[Data entries]
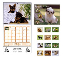 We have many different dog and animal calendars for the Year 2011. Pictured below is a sheet from the Puppy calendar which is a 11" X 19 1/2" open size calendar with an imprint area of 10" X 2" and the minimum imprinted imprintable quantity is 200. We have many other animal related calendars - for cats, dogs, horses, etc. Just give ius a call at 800 960-9080 to discuss your calendar needs.
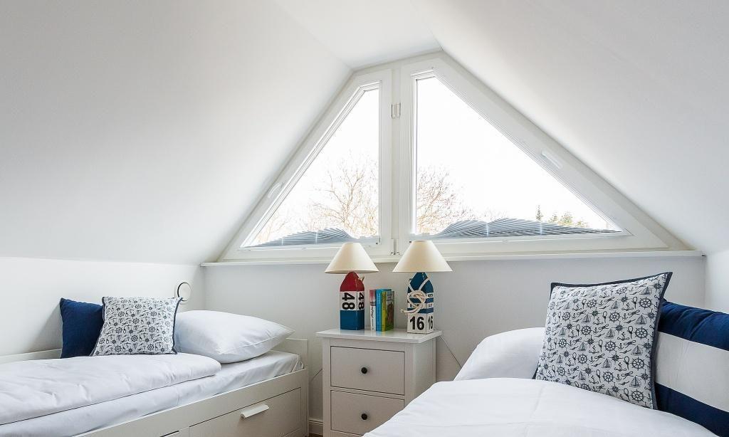 Im Dachgeschoss befindet sich ein drittes Schlafzimmer mit zwei Einzelbetten als zusätzliches Kinderzimmer oder Rückzugsort. Von hier hast du einen kleinen Boddenblick.
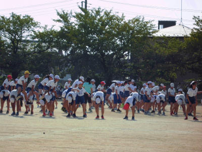 全校児童で運動会の練習
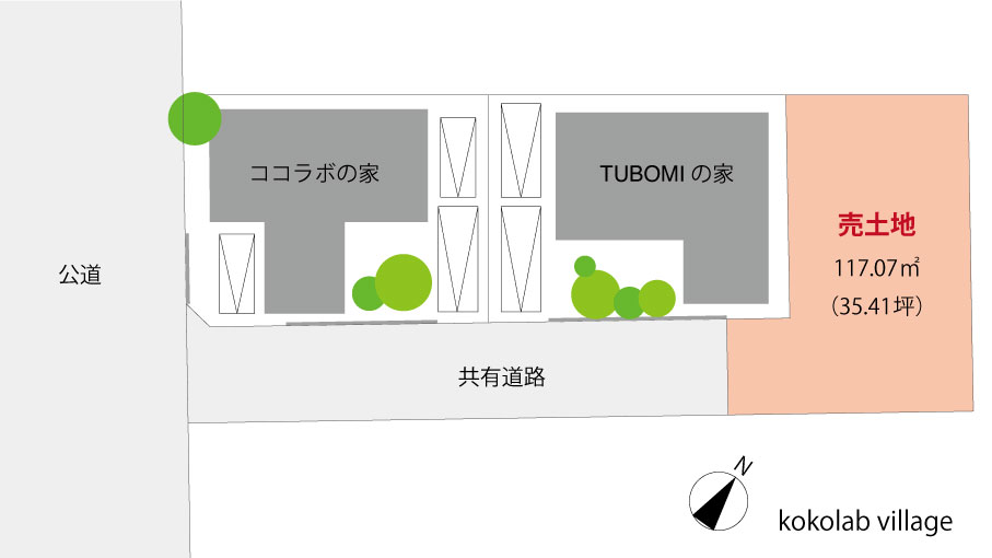 静岡市駿河区にkokolab vllageと題した小さな分譲地があります。区画は3つあり、ひとつは当社の常設展示場として現在工事中。もうひとつは先日完成した『TUBOMIの家』のMさんのお宅となり、今回3区画目の土地の住まい手を募集します。kokolab vllageは、街中ではありますが、たくさんの緑に包まれ、暮らす人にも、地域の人にも、そこを通る人にも優しい小さな街かどをつくりたいと考えています。場所は静岡駅まで徒歩20分程の住宅地にあり、買い物や移動などの利便性も高い場所です。ご興味のある方は当社までご連絡ください。
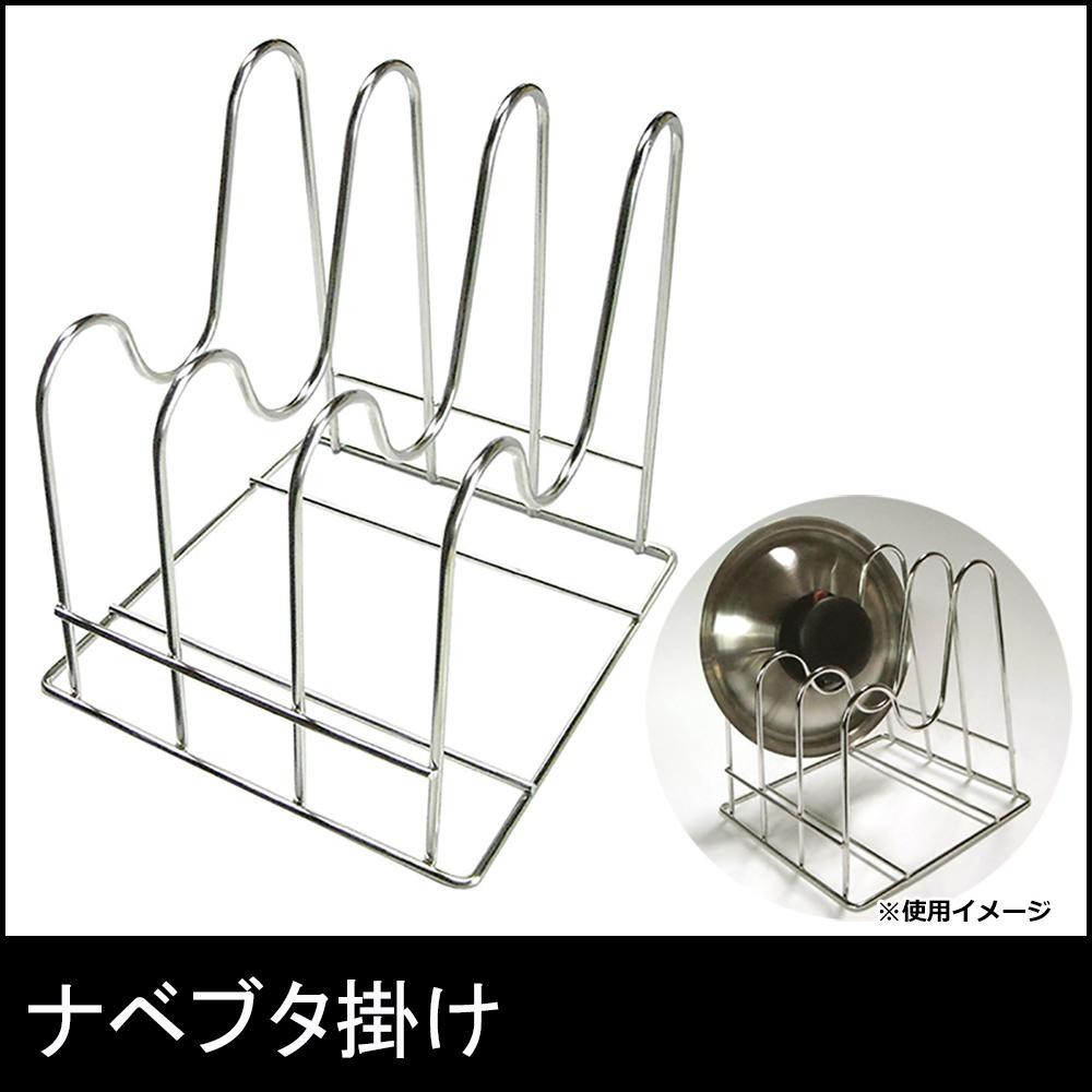 収納するのに、あると便利なフタ用ラックです。 製造国:日本 素材・材質:18-8ステンレス 商品サイズ:(約)18×17×H19cm 仕様:完成品 ※サプライヤー直送品【商品名】ナベブタ掛け
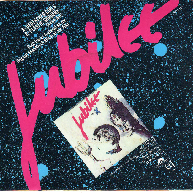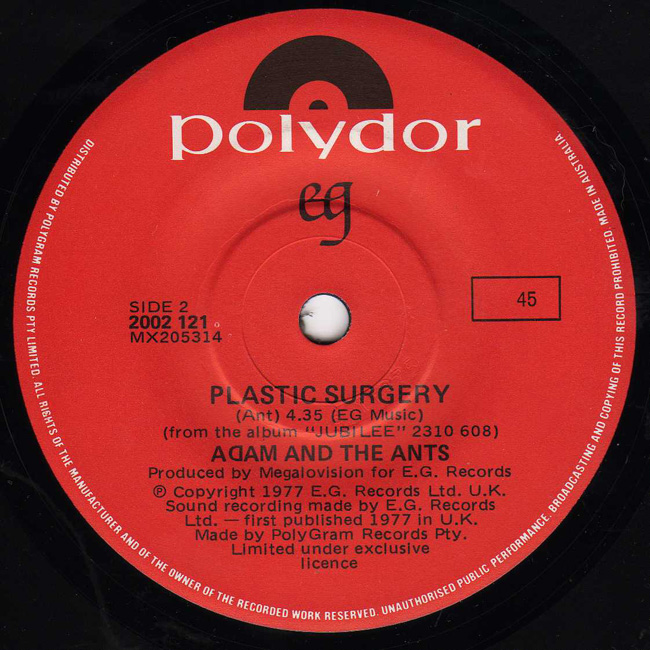 Adam and the Ants Country Label Catalogue Number Matrix numbers Format Release date A-side B-side EG records capitalised on the success of Adam and the Ants and released the two recorded tracks from the Jubilee soundtrack, 1978. The Australian pressing was issued red paper Polydor labels. |
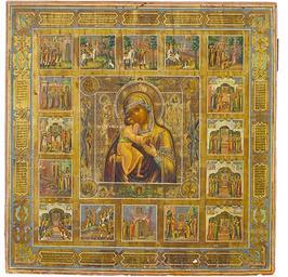 | Keywords: Feodorovskaya with miracles from Elizavetin's collection.jpeg Феодо овская икона Божией ате и с чудесами Конец XIX начало ХХ века Владими ские иконописные села Де ево левкас темпе а 42 5 х 42 3 см Соб ание д евней усской иконописи Е Елизаветина Клейма Св Феодо Ст атилат п иносит икону Богомате и в Кост ому Явление иконы кост омскому князю Василию Квашне во в емя охоты Князь Василий пытается снять икону с де ева и молится пе ед иконой Князь Василий вто ично пытается снять икону Князь вместе с духовенством п иходит к месту явления иконы П инесение иконы в Кост ому Поставление иконы в собо ной це кви олебен и исцеления от иконы Жители Го одца узнают свою чудотво ную икону Об етение иконы нев едимой после пожа а Поставление иконы в новой собо ной це кви оление пе ед иконой о защите Кост омы от тата Ослепление тата ского войска сиянием от иконы Спасение иконы вознесением на небеса п и вто ом пожа е собо ной це кви Поклонение иконе Поставление иконы в каменном собо ном х аме http //www cirota ru/forum/images/107/107091 jpeg century 19 author PD-Art Feodorovskaya with miracles |

__Exercise details__
What the answer needs is every line from the one with "収納するのに、あると便利なフタ用ラックです。 製造国:日本 素材・材質:18-8ステンレス" through the last line of the data, reproduced word for word and with pictures omitted.

__Task result__
 収納するのに、あると便利なフタ用ラックです。 製造国:日本 素材・材質:18-8ステンレス 商品サイズ:(約)18×17×H19cm 仕様:完成品 ※サプライヤー直送品【商品名】ナベブタ掛け
 Adam and the Ants Country Label Catalogue Number Matrix numbers Format Release date A-side B-side EG records capitalised on the success of Adam and the Ants and released the two recorded tracks from the Jubilee soundtrack, 1978. The Australian pressing was issued red paper Polydor labels. |
 | Keywords: Feodorovskaya with miracles from Elizavetin's collection.jpeg Феодо овская икона Божией ате и с чудесами Конец XIX начало ХХ века Владими ские иконописные села Де ево левкас темпе а 42 5 х 42 3 см Соб ание д евней усской иконописи Е Елизаветина Клейма Св Феодо Ст атилат п иносит икону Богомате и в Кост ому Явление иконы кост омскому князю Василию Квашне во в емя охоты Князь Василий пытается снять икону с де ева и молится пе ед иконой Князь Василий вто ично пытается снять икону Князь вместе с духовенством п иходит к месту явления иконы П инесение иконы в Кост ому Поставление иконы в собо ной це кви олебен и исцеления от иконы Жители Го одца узнают свою чудотво ную икону Об етение иконы нев едимой после пожа а Поставление иконы в новой собо ной це кви оление пе ед иконой о защите Кост омы от тата Ослепление тата ского войска сиянием от иконы Спасение иконы вознесением на небеса п и вто ом пожа е собо ной це кви Поклонение иконе Поставление иконы в каменном собо ном х аме http //www cirota ru/forum/images/107/107091 jpeg century 19 author PD-Art Feodorovskaya with miracles |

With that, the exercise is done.